[What is expected] Would you retype, word for word, the line with "Momen kebersamaan antara" and each line after it to the end of the entries below, leaving the pictures out?
BEGIN
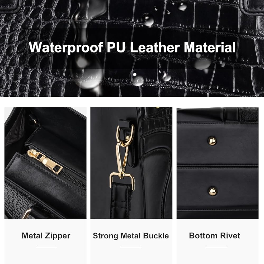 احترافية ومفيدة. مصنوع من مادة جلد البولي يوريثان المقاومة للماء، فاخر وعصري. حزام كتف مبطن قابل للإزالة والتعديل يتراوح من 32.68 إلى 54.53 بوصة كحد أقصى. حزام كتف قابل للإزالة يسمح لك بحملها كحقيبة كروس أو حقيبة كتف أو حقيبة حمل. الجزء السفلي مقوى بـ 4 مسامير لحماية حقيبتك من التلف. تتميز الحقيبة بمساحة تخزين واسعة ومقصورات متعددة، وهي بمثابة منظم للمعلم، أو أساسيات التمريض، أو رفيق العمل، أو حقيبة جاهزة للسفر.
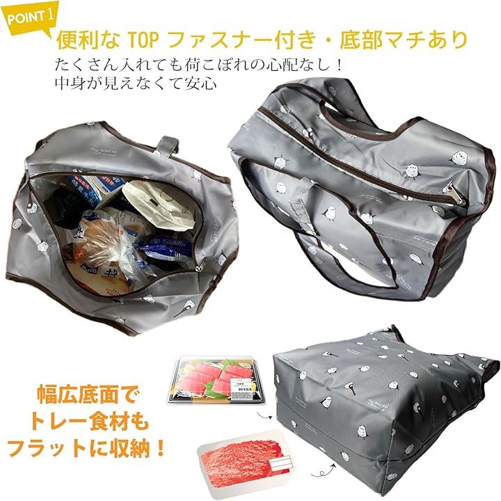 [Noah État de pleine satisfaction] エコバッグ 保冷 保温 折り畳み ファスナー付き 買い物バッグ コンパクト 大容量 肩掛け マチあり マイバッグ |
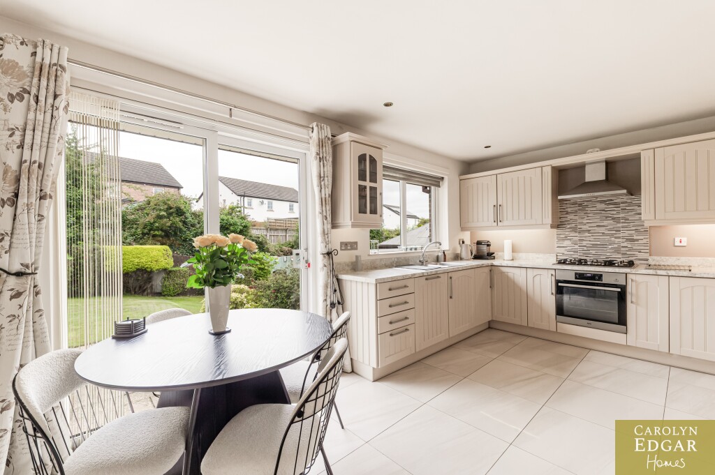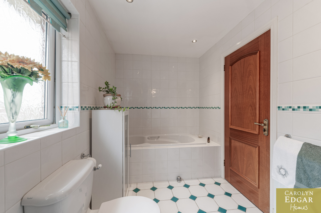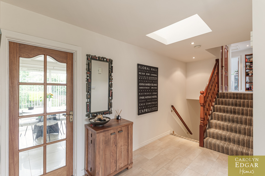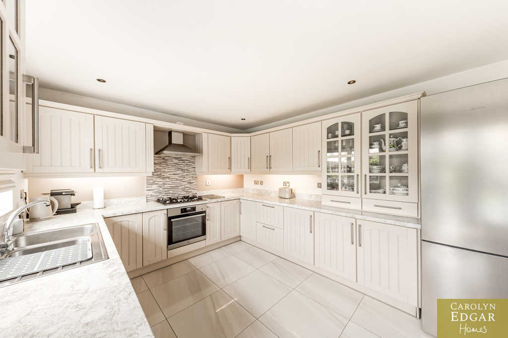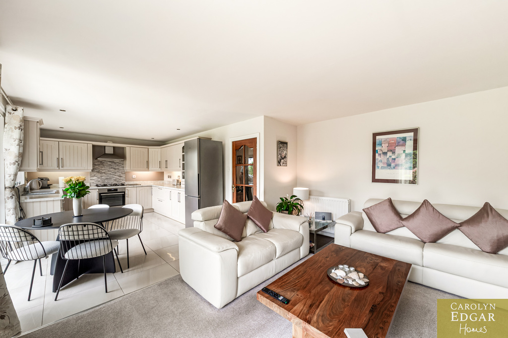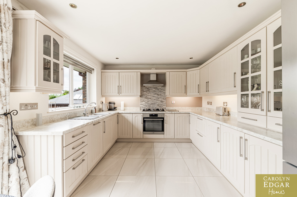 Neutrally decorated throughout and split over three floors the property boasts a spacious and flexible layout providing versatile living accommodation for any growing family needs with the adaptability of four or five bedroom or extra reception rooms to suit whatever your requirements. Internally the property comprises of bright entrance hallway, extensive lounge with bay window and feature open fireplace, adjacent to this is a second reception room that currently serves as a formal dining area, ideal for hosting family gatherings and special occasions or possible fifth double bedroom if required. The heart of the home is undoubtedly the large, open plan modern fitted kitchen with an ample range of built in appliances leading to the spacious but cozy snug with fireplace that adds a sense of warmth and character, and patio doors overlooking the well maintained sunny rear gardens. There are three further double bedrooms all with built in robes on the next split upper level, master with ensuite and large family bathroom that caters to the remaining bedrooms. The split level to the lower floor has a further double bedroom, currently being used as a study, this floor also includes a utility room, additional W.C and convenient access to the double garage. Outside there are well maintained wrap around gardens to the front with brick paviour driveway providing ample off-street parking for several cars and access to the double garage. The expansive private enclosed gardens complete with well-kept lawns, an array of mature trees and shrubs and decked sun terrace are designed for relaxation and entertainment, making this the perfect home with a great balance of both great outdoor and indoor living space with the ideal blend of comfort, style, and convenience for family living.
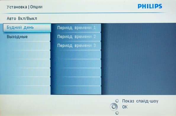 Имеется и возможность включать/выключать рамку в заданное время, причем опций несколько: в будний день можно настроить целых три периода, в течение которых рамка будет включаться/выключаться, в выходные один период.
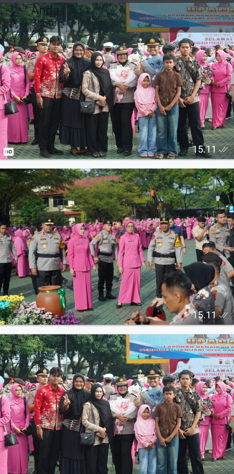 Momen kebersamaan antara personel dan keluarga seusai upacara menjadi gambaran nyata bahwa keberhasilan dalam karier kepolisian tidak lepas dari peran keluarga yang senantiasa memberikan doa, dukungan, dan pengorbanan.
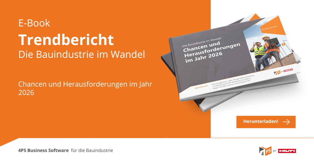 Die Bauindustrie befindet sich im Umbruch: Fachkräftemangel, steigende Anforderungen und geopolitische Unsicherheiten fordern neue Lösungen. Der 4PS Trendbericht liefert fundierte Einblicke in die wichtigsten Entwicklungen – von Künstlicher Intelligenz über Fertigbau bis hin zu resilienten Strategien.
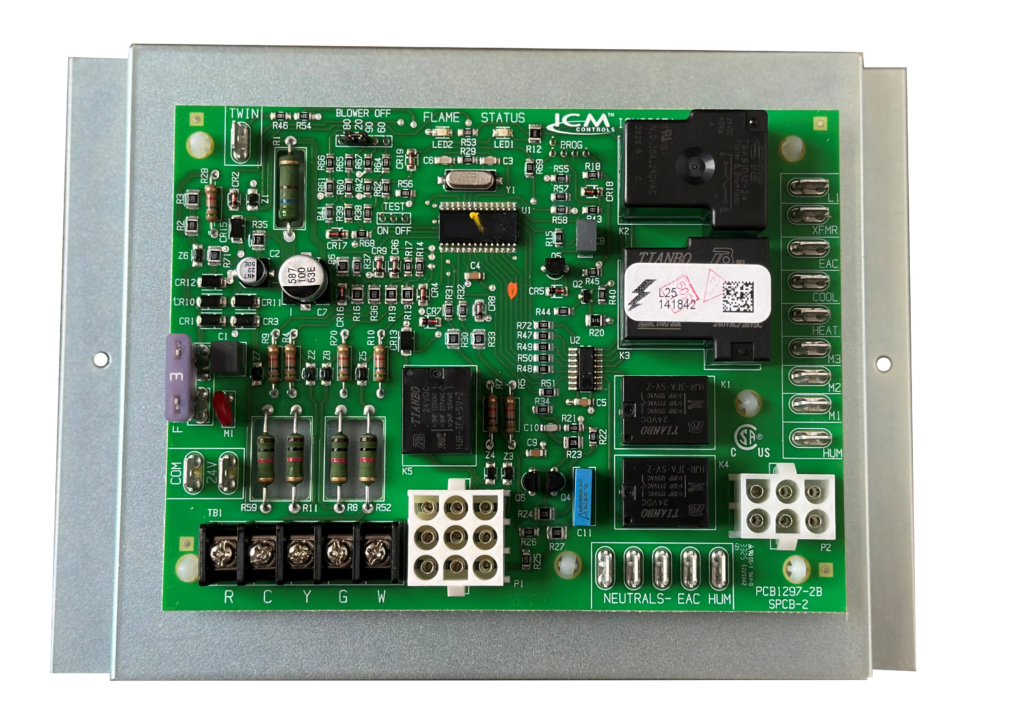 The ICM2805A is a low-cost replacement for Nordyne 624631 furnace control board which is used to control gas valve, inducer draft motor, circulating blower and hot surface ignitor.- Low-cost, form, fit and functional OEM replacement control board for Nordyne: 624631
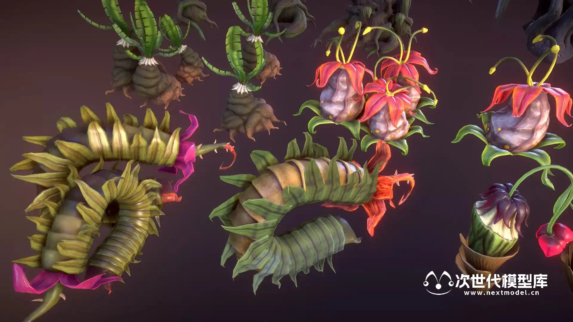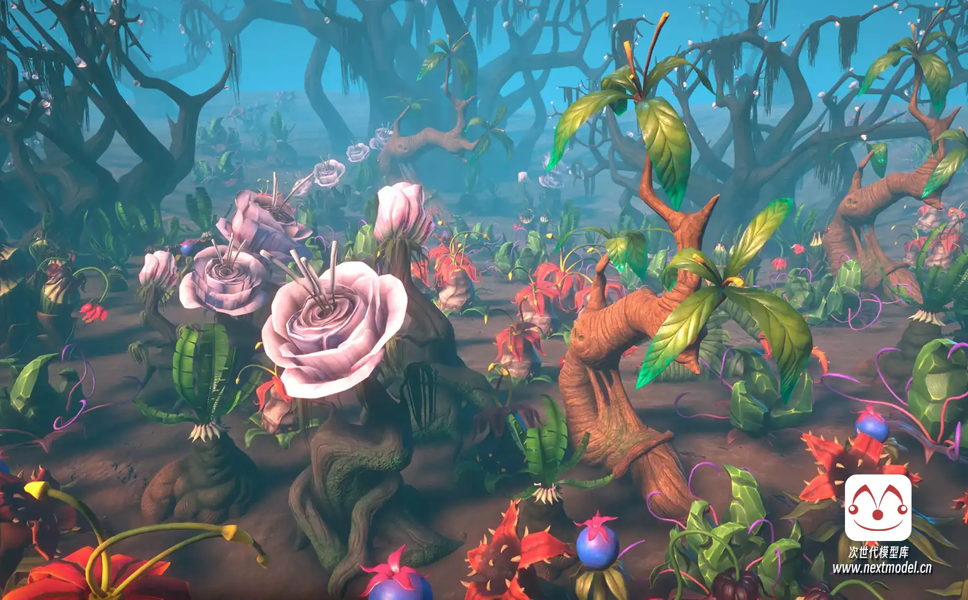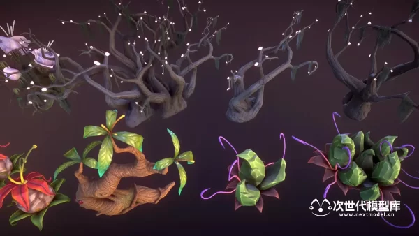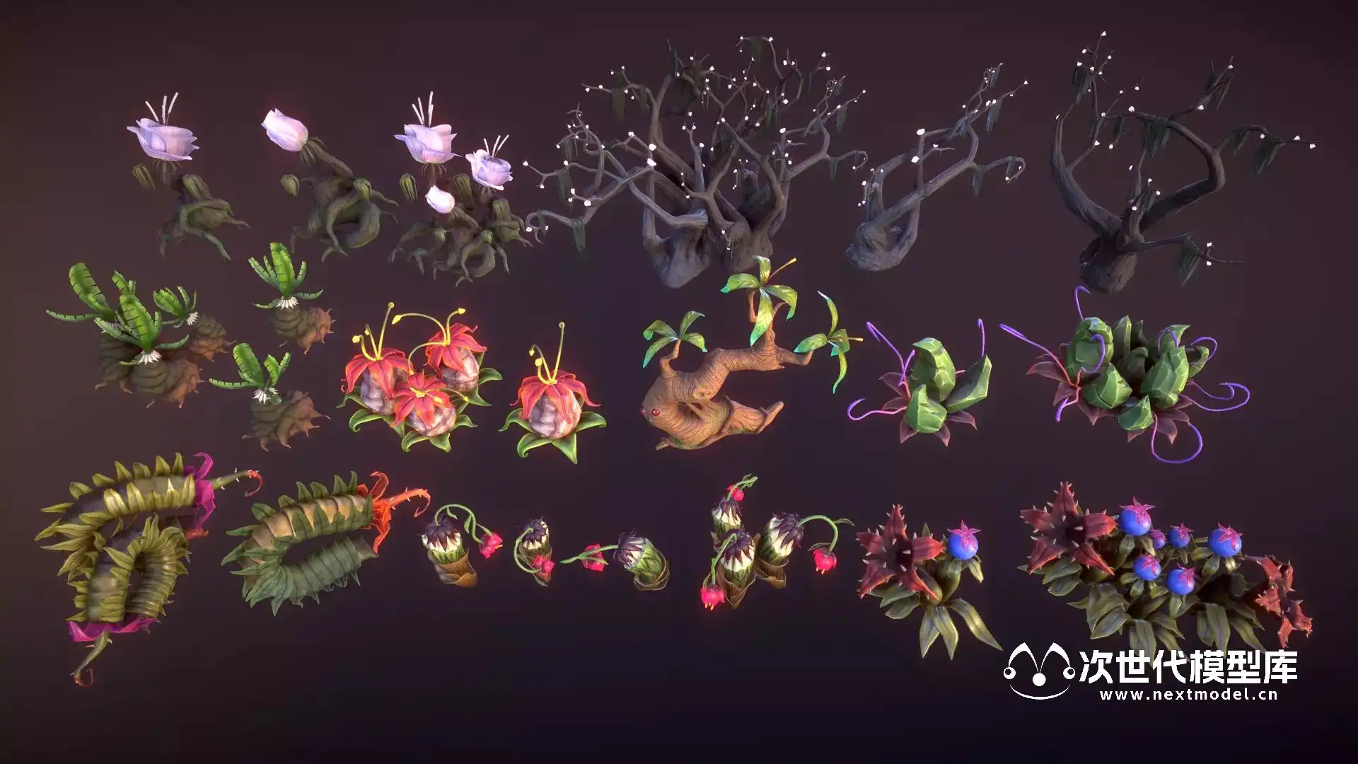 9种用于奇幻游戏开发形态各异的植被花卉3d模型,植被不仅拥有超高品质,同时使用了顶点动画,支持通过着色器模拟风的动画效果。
END
[Output of the exercise]
 Momen kebersamaan antara personel dan keluarga seusai upacara menjadi gambaran nyata bahwa keberhasilan dalam karier kepolisian tidak lepas dari peran keluarga yang senantiasa memberikan doa, dukungan, dan pengorbanan.
 Die Bauindustrie befindet sich im Umbruch: Fachkräftemangel, steigende Anforderungen und geopolitische Unsicherheiten fordern neue Lösungen. Der 4PS Trendbericht liefert fundierte Einblicke in die wichtigsten Entwicklungen – von Künstlicher Intelligenz über Fertigbau bis hin zu resilienten Strategien.
 The ICM2805A is a low-cost replacement for Nordyne 624631 furnace control board which is used to control gas valve, inducer draft motor, circulating blower and hot surface ignitor.- Low-cost, form, fit and functional OEM replacement control board for Nordyne: 624631
 9种用于奇幻游戏开发形态各异的植被花卉3d模型,植被不仅拥有超高品质,同时使用了顶点动画,支持通过着色器模拟风的动画效果。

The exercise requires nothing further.